What you have to do ->
Using the data below, restate exactly every line from the one with "De wastafel is" up to and including the one with "今年以来,沙特先是收购民营炼". No picture belongs in it.

Records provided ->
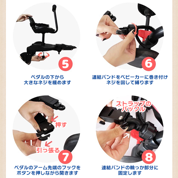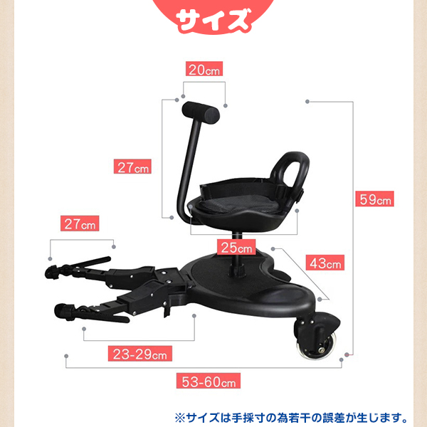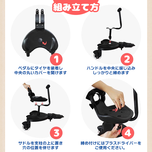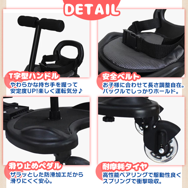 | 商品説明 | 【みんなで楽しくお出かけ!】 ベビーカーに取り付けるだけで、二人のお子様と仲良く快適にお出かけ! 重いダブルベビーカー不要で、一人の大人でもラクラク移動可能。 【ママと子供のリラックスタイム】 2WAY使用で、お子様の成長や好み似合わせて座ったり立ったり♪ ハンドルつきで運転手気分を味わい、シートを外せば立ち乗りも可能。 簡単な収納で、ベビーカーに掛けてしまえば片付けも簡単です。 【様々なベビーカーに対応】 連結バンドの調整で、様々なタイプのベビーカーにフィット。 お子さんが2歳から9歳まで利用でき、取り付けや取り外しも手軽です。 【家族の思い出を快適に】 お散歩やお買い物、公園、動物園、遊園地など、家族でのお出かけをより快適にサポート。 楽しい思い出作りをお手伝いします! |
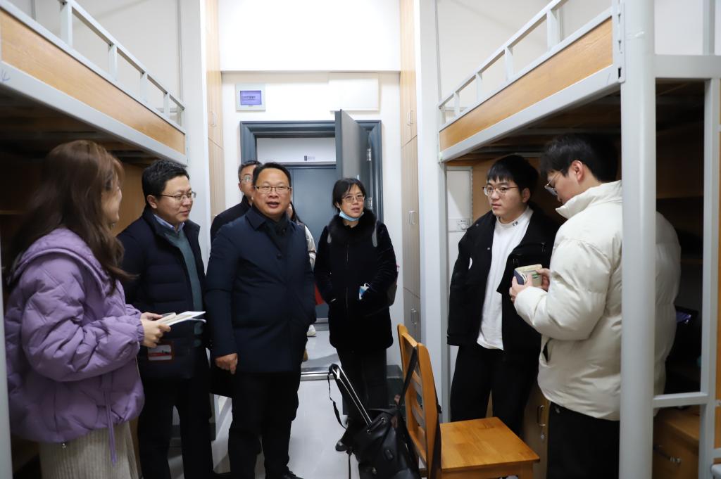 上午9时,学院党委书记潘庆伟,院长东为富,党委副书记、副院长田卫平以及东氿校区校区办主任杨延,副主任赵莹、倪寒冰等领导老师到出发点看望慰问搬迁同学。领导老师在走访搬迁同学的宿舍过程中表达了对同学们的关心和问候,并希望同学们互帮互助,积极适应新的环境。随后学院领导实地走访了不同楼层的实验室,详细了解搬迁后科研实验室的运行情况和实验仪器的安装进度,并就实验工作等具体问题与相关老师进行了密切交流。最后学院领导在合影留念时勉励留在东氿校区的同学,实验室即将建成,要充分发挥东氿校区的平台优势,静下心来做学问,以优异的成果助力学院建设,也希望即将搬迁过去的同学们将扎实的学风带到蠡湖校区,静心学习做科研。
---
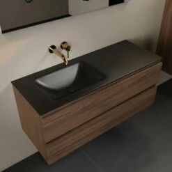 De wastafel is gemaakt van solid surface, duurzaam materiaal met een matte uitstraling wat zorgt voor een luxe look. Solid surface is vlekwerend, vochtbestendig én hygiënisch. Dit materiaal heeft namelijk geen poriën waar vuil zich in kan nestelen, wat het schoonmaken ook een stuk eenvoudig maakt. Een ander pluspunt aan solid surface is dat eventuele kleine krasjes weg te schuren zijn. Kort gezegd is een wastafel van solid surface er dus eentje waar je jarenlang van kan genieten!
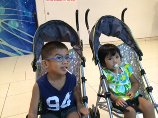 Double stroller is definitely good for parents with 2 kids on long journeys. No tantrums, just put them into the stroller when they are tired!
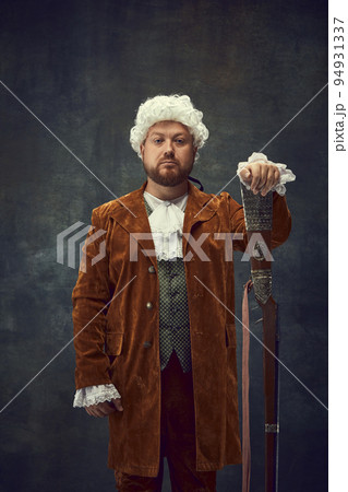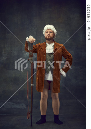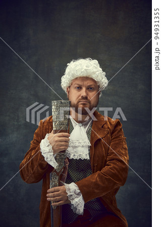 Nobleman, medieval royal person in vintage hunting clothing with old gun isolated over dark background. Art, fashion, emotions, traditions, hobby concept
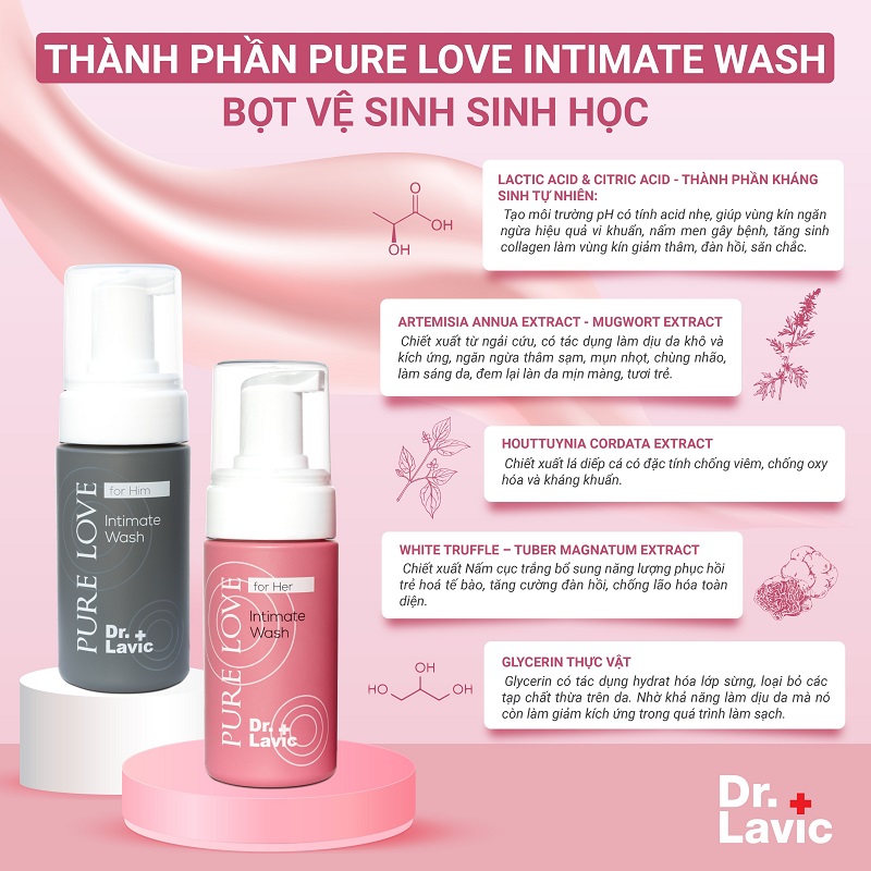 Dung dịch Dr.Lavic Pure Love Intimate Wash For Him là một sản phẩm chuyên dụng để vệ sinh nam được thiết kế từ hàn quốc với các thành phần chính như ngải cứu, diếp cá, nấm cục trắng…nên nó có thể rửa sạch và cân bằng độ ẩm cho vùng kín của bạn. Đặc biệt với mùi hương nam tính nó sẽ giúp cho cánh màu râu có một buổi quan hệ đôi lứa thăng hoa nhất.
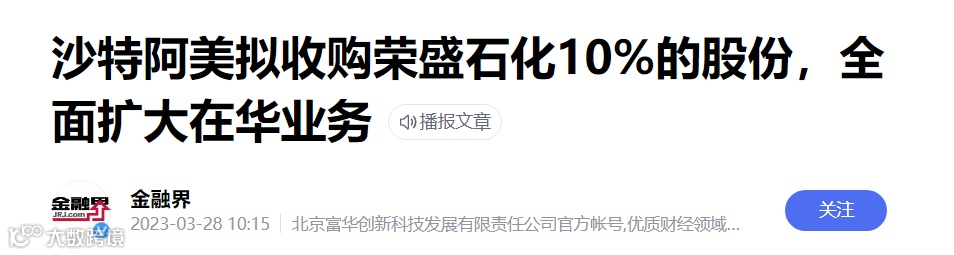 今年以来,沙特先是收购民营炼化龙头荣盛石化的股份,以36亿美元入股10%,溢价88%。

Answer section ->
 De wastafel is gemaakt van solid surface, duurzaam materiaal met een matte uitstraling wat zorgt voor een luxe look. Solid surface is vlekwerend, vochtbestendig én hygiënisch. Dit materiaal heeft namelijk geen poriën waar vuil zich in kan nestelen, wat het schoonmaken ook een stuk eenvoudig maakt. Een ander pluspunt aan solid surface is dat eventuele kleine krasjes weg te schuren zijn. Kort gezegd is een wastafel van solid surface er dus eentje waar je jarenlang van kan genieten!
 Double stroller is definitely good for parents with 2 kids on long journeys. No tantrums, just put them into the stroller when they are tired!
 Nobleman, medieval royal person in vintage hunting clothing with old gun isolated over dark background. Art, fashion, emotions, traditions, hobby concept
 Dung dịch Dr.Lavic Pure Love Intimate Wash For Him là một sản phẩm chuyên dụng để vệ sinh nam được thiết kế từ hàn quốc với các thành phần chính như ngải cứu, diếp cá, nấm cục trắng…nên nó có thể rửa sạch và cân bằng độ ẩm cho vùng kín của bạn. Đặc biệt với mùi hương nam tính nó sẽ giúp cho cánh màu râu có một buổi quan hệ đôi lứa thăng hoa nhất.
 今年以来,沙特先是收购民营炼化龙头荣盛石化的股份,以36亿美元入股10%,溢价88%。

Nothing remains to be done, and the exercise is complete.